И так вот, за этой активностью, в декабре 2022-го мы даже не вспомнили о трех десятках лет нашего ежедневного, неустанного, кропотливого другдругаузнавания.
Но если так подумать, чем 30 лет важнее 20-ти иль 10-ти? Все три как будто круглые. Однако не круглость мы чтим в юбилее, а то, что за нею стоит. За тридцатью стоит, очевидно, значительно больше. Она, очевидно, весомей.
И все же меня в ней волнует другое. То, что позволило ей состояться.
Мне хочется вынуть из внушительного объема воспоминаний те, вероятно, немногочисленные, но очень ценные бусины, которые вместе составят невероятной красы и прочности ожерелье. Мне хочется сделать себе этот странный подарок задним числом на обойденный нашим вниманием наш юбилей и все последующие отпущенные нам юбилеи. Мне хочется нащупать и разглядеть подробно те звенья, что составляли и крепили нашу связь так много лет. Мне хочется понять, как мы сумели, и, может быть, еще понять зачем. И первой бусинкой-заделом в этом грядущем ожерелье из воспоминаний станет само мое желание его собрать. Я вижу, как нанизываю эту бусинку на шелковую нить, и предвкушаю, что по окончании работы, буду носить это изделие с немалым удовольствием, а может, даже с гордостью.
Глава 2. Твои несказанности
Куда поставить ударение в слове "несказанности" читатель по прочтении решит, а я начну, пожалуй. Начну с избитого, забитого, но все еще немаловажного в любых довольно близких отношениях – признания в любви.
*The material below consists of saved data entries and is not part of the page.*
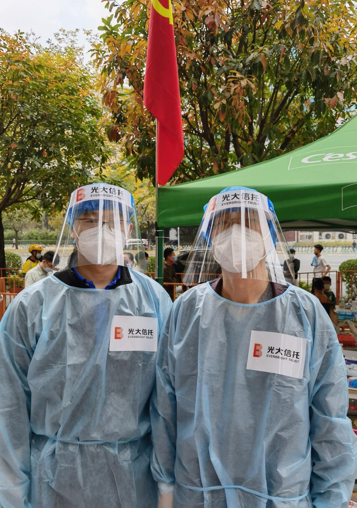 光大信托深圳區(qū)域黨支部在接到協(xié)同抗疫通知后,第一時(shí)間組織黨員和員工積極報(bào)名參與志愿服務(wù)。3月5日,恰逢毛澤東主席“向雷鋒同志學(xué)習(xí)”題詞的紀(jì)念日,光大信托公司風(fēng)險(xiǎn)總監(jiān)姚恒民同志以年近6旬的高齡,率先垂范的沖在一線,帶領(lǐng)深圳區(qū)域黨員同志們,投入福田區(qū)蓮花街道獅嶺社區(qū)的核酸檢測(cè)志愿服務(wù)工作,用實(shí)際行動(dòng)和赤誠(chéng)情懷書寫共產(chǎn)黨員的責(zé)任和擔(dān)當(dāng)。當(dāng)天天氣炎熱,太陽(yáng)暴曬下穿著防護(hù)服兩個(gè)小時(shí)工作下來,全身已完全濕透,但他們以飽滿的激情、負(fù)責(zé)任的態(tài)度詮釋了一個(gè)共產(chǎn)黨員在黨旗下宣誓的誓言。光大信托的一位黨員同志說:“疫情就是命令,防控就是責(zé)任,崗位就是戰(zhàn)場(chǎng),每個(gè)服務(wù)點(diǎn)的黨旗就是一種信仰,每個(gè)黨員就是一面旗幟,每個(gè)黨支部就是一個(gè)堡壘,哪里有需要,哪里就有光大人的身影?!?/p>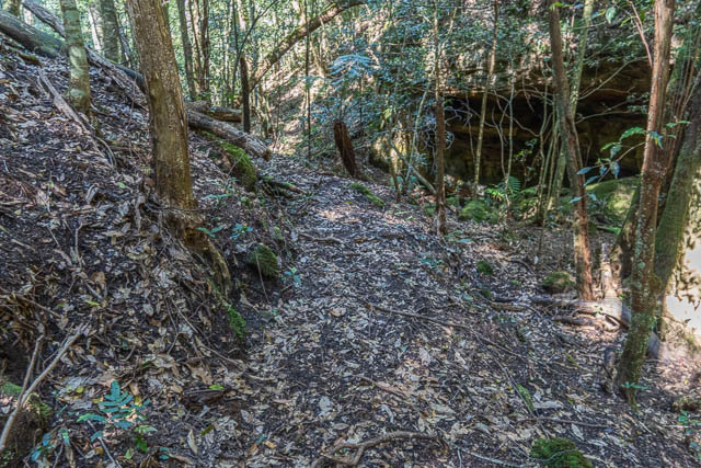Just below the first pagodas on Jinki Ridge, we turned off and followed a side gully down to Jinki Creek. Then we walked downstream. Further down, where the creekbed entered rainforest, we found the signs of an old benched track.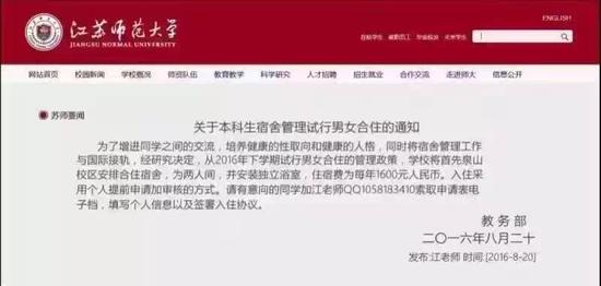 這條《關(guān)于本科生宿舍管理試行男女合住的通知》稱,從2016年下學(xué)期試行男女合住的管理政策,學(xué)校將首先泉山校區(qū)安排合住宿舍,為兩人間,并安裝獨立浴室,住宿費為每年1600元。

Их было немало в нашей совместной истории, произнесенных в разных ситуациях по разным поводам на самый разный лад. И все же мы умудрились не низвести их до уровня приветствия/прощания, как это можно наблюдать в американских фильмах.
Моих, должно быть, было больше. Они зачастую рвались из меня просто, без спроса, на сильных эмоциях. Твои же, как мне ощущалось, зачастую стеснялись, стыдились чего-то, как если бы ты не хотел показать свою слабость. Поэтому, видимо, я запомнила четко только одно из них, самое первое.
Мы ехали в машине. Ты просто повернулся ко мне и сказал: "Блин, я все больше и больше влюбляюсь в тебя". Я была застигнута врасплох. Я не знала еще, как относиться к этим едва зародившимся отношениям, не рассмативала их как нечто длительное и серьезное. Я не знала, что чувствую к этому человеку, сидящему рядом. И вдруг это "влюбляюсь". Ты сказал это искренне, чувственно, может быть, даже более чувственно, чем полагалось мужчине. В твоем голосе слышались страх и отчаяние, а в глазах читалась надежда. Это было чем-то новым для меня, чем-то мощным, от чего не отвертеться. Я тогда пролепетала что-то несуразное в ответ и неравноценное. Что-то типа "контролируй свои чувства". Сумничала в общем. Мой черед еще не наступил.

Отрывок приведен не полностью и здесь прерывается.